- Description of the task
Read through the data below and state how many of its lines contain the word "with", adding nothing.

- Record set
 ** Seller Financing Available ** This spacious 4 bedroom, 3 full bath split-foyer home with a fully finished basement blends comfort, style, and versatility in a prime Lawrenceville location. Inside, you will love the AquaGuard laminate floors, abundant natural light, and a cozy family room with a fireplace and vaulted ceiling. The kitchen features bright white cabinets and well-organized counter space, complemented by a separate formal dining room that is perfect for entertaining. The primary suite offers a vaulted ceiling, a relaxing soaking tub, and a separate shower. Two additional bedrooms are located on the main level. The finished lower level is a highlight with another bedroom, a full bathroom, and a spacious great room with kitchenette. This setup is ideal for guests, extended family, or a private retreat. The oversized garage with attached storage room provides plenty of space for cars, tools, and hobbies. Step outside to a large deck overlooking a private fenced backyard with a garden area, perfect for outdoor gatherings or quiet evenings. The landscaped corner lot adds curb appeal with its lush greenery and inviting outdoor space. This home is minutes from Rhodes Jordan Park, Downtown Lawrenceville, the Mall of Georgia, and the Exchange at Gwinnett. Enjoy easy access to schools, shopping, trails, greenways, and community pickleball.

==

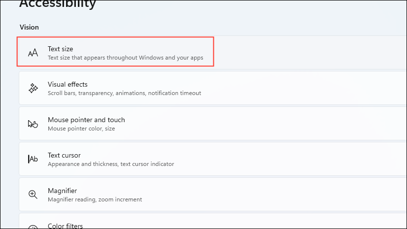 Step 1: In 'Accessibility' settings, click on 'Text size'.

==

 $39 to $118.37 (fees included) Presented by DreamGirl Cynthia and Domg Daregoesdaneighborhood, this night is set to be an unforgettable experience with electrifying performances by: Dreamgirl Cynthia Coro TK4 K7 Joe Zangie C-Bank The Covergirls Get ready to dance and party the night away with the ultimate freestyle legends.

- Exercise result
2